As I mentioned in the previous post (this one, the first one), we use Apache Thrift for lots of stuff at Via and we like it lots. Still, sometimes there are little things that get our hackles up. One such little thing is the way Thrift checks types and required fields in Python (and other scripting languages, I presume), which is to say the ways in which Thrift doesn’t really check types and required fields in Python. 

Let’s start with a little Thrift code (full file is on GitHub).

namespace py avi.thrift.validation.example

struct Point {
	1: required double x;
	2: required double y;

struct Place {
	1: required string name;
	2: required Point location;
	3: optional string review;

This sample defines a 2-d point structure and a structure for holding a “place” - a store or business, say - that has a name, location and an optional review. I compiled these structures to Python objects and started playing with them in ipython. 

In [1]: from avi.thrift.validation.example.ttypes import Place, Point

In [2]: p = Point(x=1.5, y=2.75)

In [3]: p.validate()

In [4]: p = Point(x=1.5)

In [5]: p.validate()

TProtocolException: Required field y is unset!

So validation of Point structures works as expected: when required fields are absent, validate() raises and exception. Let’s try something similar with the Place structure:

In [9]: place = Place(name="avis place")

In [10]: place.validate()

TProtocolException: Required field location is unset!

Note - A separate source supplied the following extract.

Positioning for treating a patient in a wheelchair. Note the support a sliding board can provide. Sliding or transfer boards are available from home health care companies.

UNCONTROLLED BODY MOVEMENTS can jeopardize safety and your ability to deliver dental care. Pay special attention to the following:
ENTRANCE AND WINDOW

In [11]: place = Place(name="avis place", location=Point(x=1.5))

In [12]: place.validate()

In [13]: place = Place(name="avis place", location="asdf")

In [14]: place.validate()

In [15]:

Note that validate() complains when place.location is None, but it doesn’t mind if place.location is set to an invalid (incomplete) Point structure. Worse yet, it doesn’t care if I set place.location to a string instead of a Point. The validate() method is completely indifferent to type information - it simply checks that required fields are not None. On top of that, validate() does not descend recursively into the attributes of the Place structure (or any other structure) to check that they too are valid.

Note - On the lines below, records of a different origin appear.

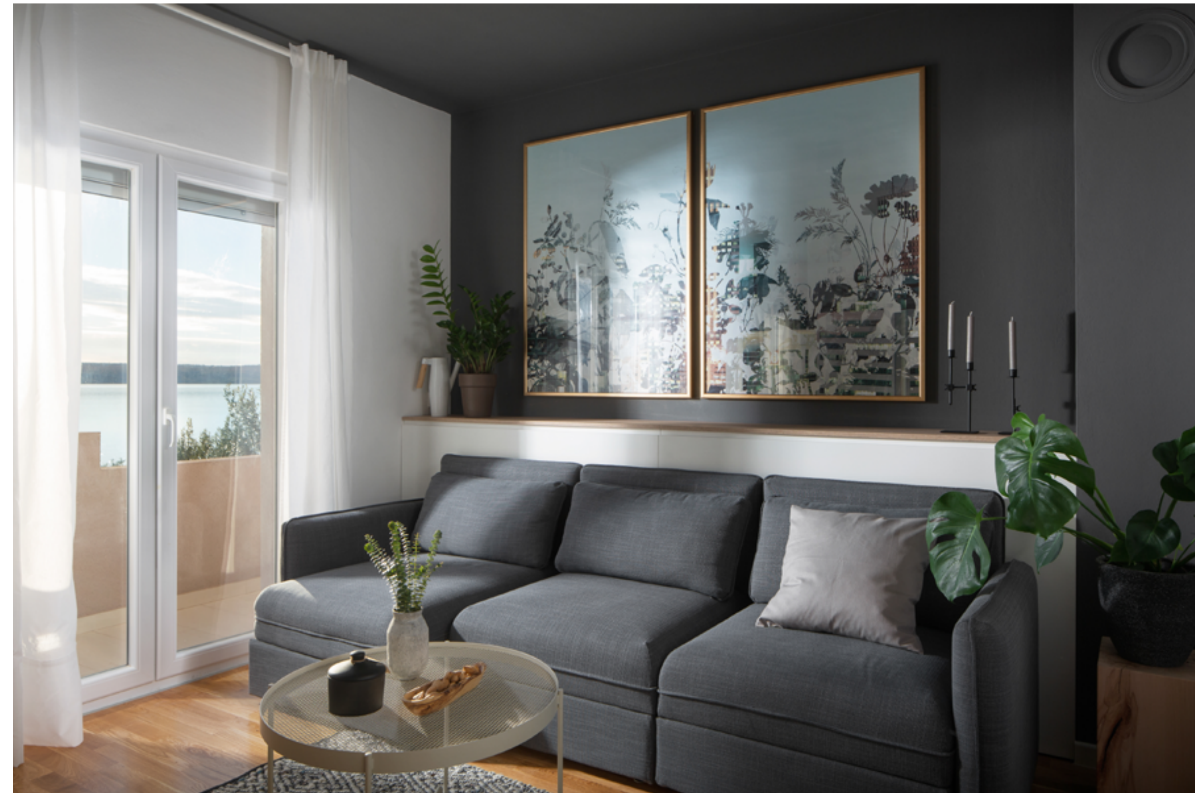
This charming living room features a pull-out couch, which turns into a cozy bed for one child
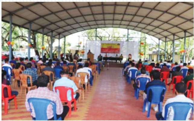
Celebrating the Kannada Rajyotsava Day
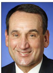
MIKE KRZYZEWSKI Head Coach Army West Point '69 42nd Season at Duke 47th Season Overall
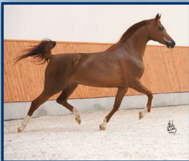
Fallada Monogramm x Fanaberia/Probat Michałów Stud

The youngest of the State Studs, Bialka, has often understatedly stolen the spotlight at the Pride of Poland with some of its finest
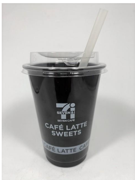
CAFÉ LATTE SWEETS
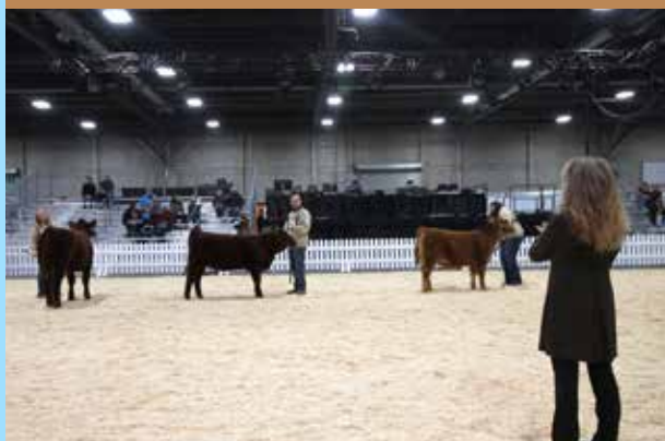
OPTIMIZER LINE - UP
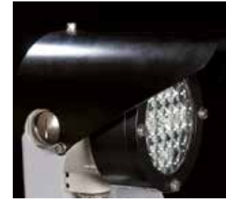
Aluminium housing Rugged housing with sunshield.
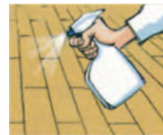
Spray with Bona Wood Floor Cleaner.
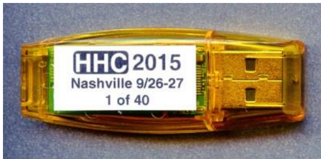
Fig. 2 – USB HHC 2015 Conference Drive.

Note: The USB 2015 Conference Drives have an orange label on the back. The upper number is the write speed and the lower number is the read speed in Mega Bytes per second. The drives were not all the same which is typical of Cheap Chinese made products.
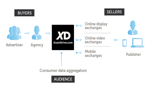
Figure 2. The key role of programmatic advertising in automation [13]

Programmatic advertising has provided the users on two sides of the advertising transaction to which will hike the support of both traditional system of reservation and automation. They provide a guaranteed ad stock and profit revenue to accommodate a large range of system formats by providing better future forecast and allocation space, the reduce will concerns the brand safety and will allow for a better high level of creative . Automation advertising will provide better benefits by developing better strategies. It can also deliver greater campaigning promotion strategies more effectively with well future advance customer targets through list of audience [12]. The PA has capability in targeting as well as optimizing across promotional campaigns for better frequency systems across the spending formats, and the better tracking the advertising across a wide products range. Programmatic advertising plays an important role in building strategies which can improve working efficiency, decreases employee's error, saves more time and effective utilisation of money through one centralised system of trading [13]. The role of programmatic advertising can be understood from the below process work system figure 3

Coming from the world of Protocol Buffers, which provide deep, typesafe validation even in scripting languages (see IsInitialized()), I don’t like the behavior of the Thirft validate() method. It seems almost pointless to me. At the very least it should be renamed “shallow_validate()” or something of the sort. Now you might say “why not just serialize and deserialize the structure to check these things?” and indeed this works (sort of, more on this later). But Thrift serialization is a tad cumbersome, behaves somewhat funnily in Python and takes some time to boot, so this serialize/deserialize approach is only really appropriate for testing. Fortunately, it is fairly easy to write a little recursive validator for Thrift structures and I’ll talk about how I did that in the next post.

1 year ago